I spent most of my high school years on the sidelines watching what seemed like everyone around me fall in love, while I questioned if I was even worthy of it. People say you have to love yourself before loving someone else, but is that really true, or is it just something we tell ourselves to ease the sting of being single?
In a world that feels split between hopeless romantics and hookup culture, I’ve often wondered whether personal growth and healthy relationships can truly coexist, or if that’s just a myth we like to believe.
falling Behind in love
During high school — and even late middle school — I was everything you’d expect a teenager to be. I struggled with a lack of confidence and hesitated to embrace myself. I constantly compared myself to friends and peers who seemed to have everything I didn’t: the grades, the relationship, the looks, the stable family.
Living in a time so dominated by social media only made matters worse. I felt like I was always falling behind, especially when it came to romantic relationships. I used to wonder whether something was wrong with me. But at the same time, did I really want a relationship, or was I trying to prove I was worthy of being loved?
All these insecurities followed me into my first situationship, if you could even call it that, which ended badly. I spent so much time in my head, wondering whether I was doing the right thing or if there was any real attraction at all. Part of me questioned whether I was forcing something to say I wasn’t alone. Eventually, it all fell apart.
After that, I decided to focus on myself and my own personal goals for the rest of high school.

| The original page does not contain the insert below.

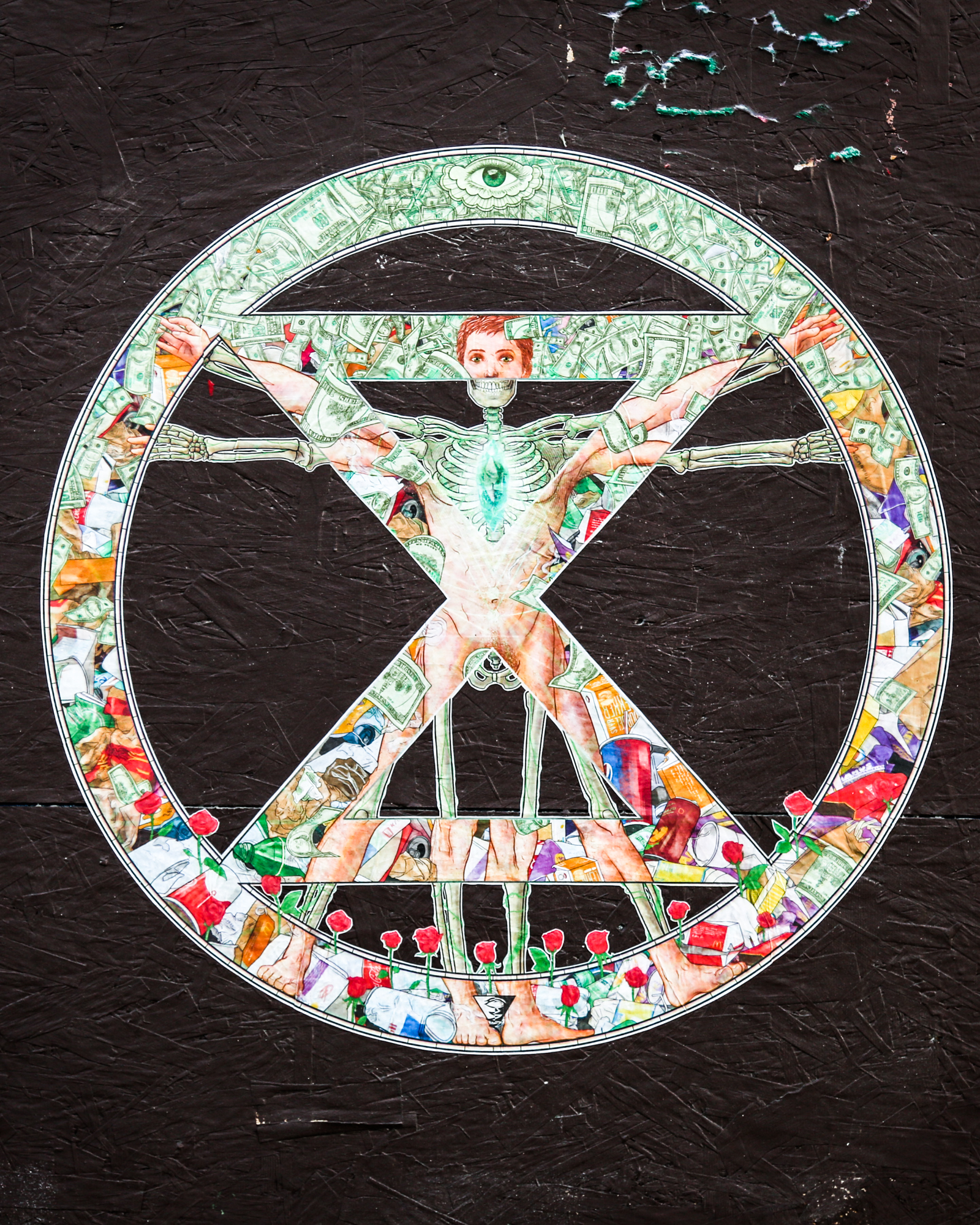 “[It’s] my take on the extinction symbol,” Doug wrote in an Instagram post about his wheatpaste’s design. “It encapsulates the range of my feelings on the subject of anthropogenic climate change, from a pessimistic fatalism to a kind of faith in the mysteries of life, death, and rebirth.”

That choice became a turning point.
What I learned about love and myself
From being suffocated by insecurity, self-doubt, and comparison, to dealing with a painful situationship, my turbulent journey pushed me to start working on myself. I began figuring out what I wanted out of life.
High school can feel like you’re being pressured to conform to whatever might make you seem more popular. It can be scary to step out of line, but I chose to anyway. Surrounding myself with people who let me be myself helped build my confidence and validated my self-worth.
When I least expected it, I entered my first long-term relationship. Looking back, the timing makes sense. Even though I met my boyfriend at a time when it felt like everyone else was talking to or dating someone, I was in the best headspace I’d been in throughout high school, especially as I neared graduation. For the first time, I had really begun embracing my independence — not in a way that shut people out, but in a way that made me feel grounded in myself.
This brings us back to the question: do you really need to love yourself or be fully healed to love someone else?
dating, self-love, and Gen Z
Across social media, there’s constant discourse over whether you need to “love yourself first.” In Emma Chamberlain’s podcast Anything Goes, in the episode “Embracing Being Single,” she discussed that she rarely spent long stretches of time alone because she feared being without affection.
This is something many members of our generation experience, particularly women. For many of us, the idea of being single and lacking affection feels unbearable. Social media doesn’t help, constantly feeding us content that sparks a craving for romantic connection.
This pressure makes us feel like we need to have everything figured out while balancing relationships, school, a social life, and personal growth. However, many of us need to learn how to give ourselves the love we think we’re missing — and find fulfillment in relationships beyond romantic ones, like those with family and friends.
Falling in love and having someone who loves you in a way nobody else does is beautiful, but it isn’t worth tearing the rest of your life apart over if it’s the one thing you feel you’re missing.
takeaways
Self-love and romantic love don’t need to happen in a strict order. They can be messy, overlapping, and still deeply meaningful.
It is possible to be in a healthy relationship while continuing to work on yourself. That’s what relationships are about. Wanting to be the best version of yourself and being with someone who feels the same. Someone who builds you up while you build them up, too.
So no, you don’t need to have it all together to love someone. Sometimes, love itself becomes part of the healing.